NOx Emission Prediction in Ammonia-Hydrogen Combustion via Chemical Reactor Networks

Inciardi, Asija [UCL] Remiddi, A [ULB] Savarese Matteo [ULB] Dias, Véronique [UCL] Parente, Alessandro [ULB]

Climate change poses significant challenges, prompting policies for carbon neutrality by 2050. Renewable energies, particularly hydrogen as a Smart Energy Carrier (SEC), offer high efficiency and zero direct CO2 emissions. However, its combustion creates challenges, such as increased nitrogen oxide (NOx) emissions, necessitating innovative combustion technologies for cleaner use. Chemical Reactor Networks (CRNs) provide an effective approach for simulating detailed kinetic mechanisms with reduced computational demands. The CRN method, divides the combustor into discrete compartments that represent homogeneous flow zones, modeled as Perfectly Stirred Reactors (PSRs) or Plug Flow Reactors (PFRs). The reactors, interconnected by mass and heat exchanges, form a network designed to preserve the main characteristics of the global flow field.

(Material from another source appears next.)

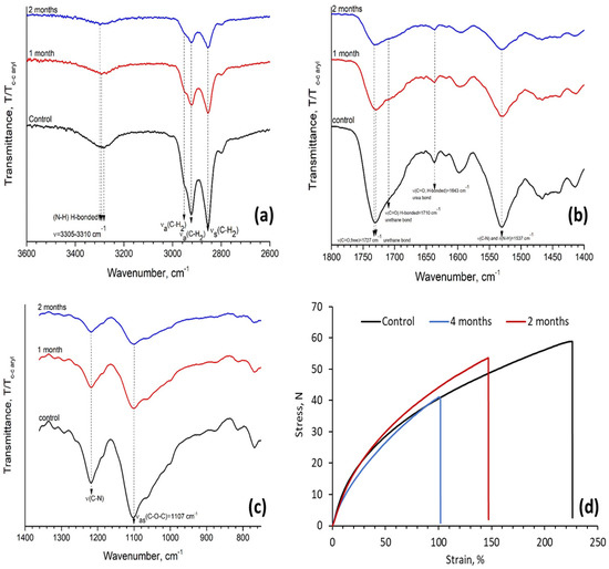 Spectral changes in N-H, C-H absorption region (a), C=O absorption (b), C-O-C (c) absorption regions of bio-degraded PUF foams and changes in mechanical properties of treated foam samples and control PUF. Sample 200 (d).

Data for CRNs can come from semi-empirical relationships or CFD simulations. The combined CFD-CRN method effectively predicts pollutant emissions, while statistical techniques for the compression and classification of data, like Principal Component Analysis (PCA), help automatically select features and group observations [1]. This paper focuses on investigating how CRN structures evolve under varying input conditions, particularly in ammonia-hydrogen mixtures, and examines their impact on nitrogen oxide (NO) emission predictions. Moreover, it explores the identification of a representative network that can generalize across multiple operating conditions. By integrating data-driven clustering methods with CRN modeling, this study aims to enhance the accuracy and efficiency of emission predictions in complex reacting flows.